With that awful truth, comes one glorious truth. The Christian faith has never been about reclaiming the past. Following Jesus has never been about trying to get back into the garden.
The good news of the gospel is not that God will rebuild the bridge, but that God will find another way around the river. Our Christian hope is not that God lets us back into the Garden of Eden. Our hope is it that a gracious God raises us from the dead and gives us new life in the heavenly city. When Jesus Christ died on the cross, that bridge was burned, scorched beyond repair. But that didn’t stop God from finding another way around the river. Because there was an empty tomb just three days later.
Lent is a stark reminder that we have grown up. We are no longer innocent. We have failed to live up to the ways of Jesus. And yet, somehow, some way, God is gracious enough to find another way around the bridges you have burned.
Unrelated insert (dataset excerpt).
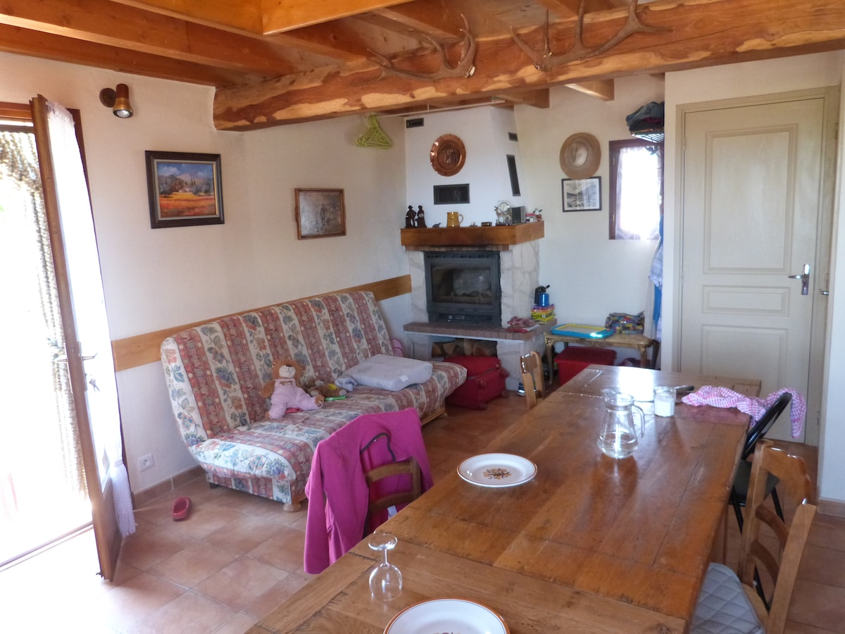 Acomodação incomum em ambiente "hobbit" aninhada no fundo de um jardim selvagem com vista para a cidade. O acesso é feito por uma trilha (íngreme). A acomodação consiste em uma sala de estar com lareira, uma pequena cozinha, um quarto com alcova, um pequeno banheiro, um terraço com vista para o vale e a cidade (a 1 km) e, novidade, um banho aquecido a lenha (exceto no verão) Velas e música estão disponíveis para o clima Ideal para estadias românticas ou momentos fora do tempo!

Don’t expect your life to be the way it used to be. Trust that God will create a new life for you on the other side of the river. The season of Lent ends not at the cross, but at the empty tomb.
And I know what you’re probably thinking. “Gosh, Jimmy’s birthday has put him in a bad mood.”
In reality, I couldn’t be happier. I couldn’t be happier because I know that the Lord God knows exactly how many laps I’ve made around the sun and yet still loves me. The Lord God knows exactly who I am and what I have done and where I’ve been and yet still dwells within me. God knows all the bridges I’ve burned and where I kept the matches, but is not willing that I should be stuck on the far side of the river. And even when I have listened to those other voices, even when I have tried to hide in shame, even when it seemed that all was lost, Jesus Christ called me, saw me, and found me. I don’t need a birthday present, because the love God has been poured into my heart by the Holy Spirit. And that is the greatest gift I could ever receive.